At Build 2015 yesterday, Microsoft unveiled three new ways it's making Azure into a haven for big data, whether it was born in one's data center or out in the cloud. Microsoft's strategy is clear: It's betting heavily on its customers generating and storing data natively in Azure, and on creating a hybrid local/remote architecture for working with that data.
Most everyone expected, and got, big announcements around Azure for Build 2015, and each of them reflected how Azure is being developed across multiple dimensions at once.
A bottomless Lake
With Azure Data Lake, for instance, Microsoft is betting the growing interest in Hadoop, and in its HDFS storage system, merits offering a service for same.
While Azure Data Lake is only being prepared for a public preview right now -- no pricing has been announced -- what it promises raises eybrows. The service claims to have been designed for raw data storage at high volume and with high throughput, but most striking is how Data Lake "has no fixed limits on account size or file size," according to its product page. (It's safe to guess pricing will be based on usage -- storage, throughput, or both.)
Some of this is in the vein of Microsoft's other announcements around the Internet of things, where Data Lake is meant to provide a default target for data collected from intelligent connected devices. But most of it is clearly aimed at those who are already familiar with what HDFS offers and who want to leverage it as as a service without sinking too much into setup and maintenance.
A stretchier SQL
With Microsoft's enhancements to SQL Database, another crucial part of the picture of Microsoft's ambitions for these data-centric solutions becomes clear: These things are meant to live either in the cloud or on-premises with as few barriers between them as possible. Azure SQL Data Warehouse, a scalable data-warehousing system, is either an on-premises or in-the-cloud solution, with the customer's needs dictating that choice.
The third item, SQL Database enhancement elastic pools, is more of a management tool for in-cloud resources than something intended to span cloud and local environments. But there's nothing stopping Microsoft from extending its reach to encompass local resources in time as well.
The way Microsoft is stitching together local resources and these new big-data features, Azure App Fabric, has already drawn attention. Aside from being a cornerstone for how Microsoft is using Azure to build out its cloud business, Azure Fabric is being positioned as the infrastructure Microsoft wants to use to stitch together local and remote resources.
Start anywhere, build out anywhere
With projects like Data Lake emerging, it's clear how that infrastructure will be built out. Big data projects like Hadoop don't have to be erected manually on-premises; rather, they can be set up in the cloud first, then synced back on-prem if needed. Or they can be left entirely in the cloud, depending on where the majority of the enterprise's infrastructure will live.

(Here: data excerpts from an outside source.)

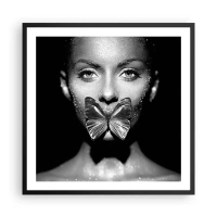 Pôster com moldura preta - O beijo da borboleta - 60x60 cm
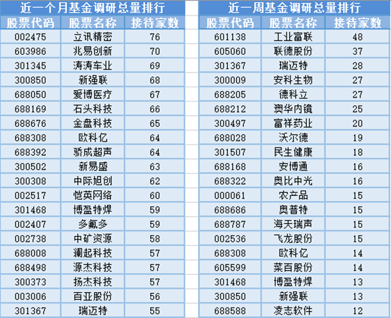 将时间周期缩短到最近一周(11月11日-11月18日)来看,基金调研数量第一的公司是工业富联,属于通信传输设备行业,主营业务为各类电子设备产品的设计、研发、制造与销售,依托工业互联网为全球客户提供智能制造和科技服务解决方案。共被48家基金机构调研,然后被调研数量较多的股票是联德股份、瑞迈特和安科生物,分别接受37家、28家和27家基金机构的调研。
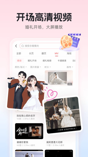 婚礼乎视频APP 是一款不用剪辑的视频电子相册制作工具,帮助结婚新人轻松制作电子相册,同时还有宝宝相册,儿童生日相册,寿宴视频相册,毕业视频相册,节日祝福视频等。 简单三步:选择视频模板——修改文字、替换图片——生成视频,即可制作出媲美大片的酷炫视频,无需复杂视频剪辑,视频制作就是这么简单! 【功能优势】: -「在线制作视频」 在线视频相册模板,只需修改文案内容,替换照片,就可以创作属于自己的精彩视频电子相册。场景包括婚礼、生日、寿宴、同学会、节日祝福等,风格多样,个性十足。 -「模板场景丰富」 上千个视频模板,包含婚礼开场暖场视频相册、宝宝相册、儿童生日相册、寿宴视频相册、毕业视频相册、节日祝福视频等,省去设计环节,一键成片!助小白快速实现创意作品! -「操作简单」 只需要选择自己喜欢的视频模板后上传照片,立刻拥有自己的电子相册视频。 -「超清大屏播放」 支持大屏巨幕LED超清播放,宴请现场提升档次! -「支持多平台分享」 相册制作完成后,一键分享相册MV到qq空间、微博、豆瓣等各社交媒体平台,表达真挚情感,记录美好回忆。 婚礼乎·只为开启美好婚礼
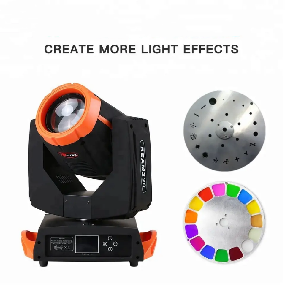Luz Móvil de Cabeza con Haz RGBW de 230W con Control DMX512 para Iluminación de Escenarios, Eventos y Festivales de Música

Al Hilwa, program director of software development research for IDC, noted how Microsoft's cloud-first approach with these announcements "show an evolution of the SQL Server technology toward a cloud-first approach. A lot of these capabilities like elastic query are geared for cloud approaches, but Microsoft will differentiate from Amazon by also offering them for on-premises deployment." (So far, Amazon's hybrid cloud strategy is minimal.)
Hilwa believed that Data Lake and Warehouse "are focused on larger data sets that are typically born in the cloud. The volumes of data supported here builds on Microsoft’s persistent investments in data centers." Based on the overall scope of Microsoft's ambitions, though, those born-in-the-cloud data sets could become data sets that span a hybrid architecture only just now taking shape.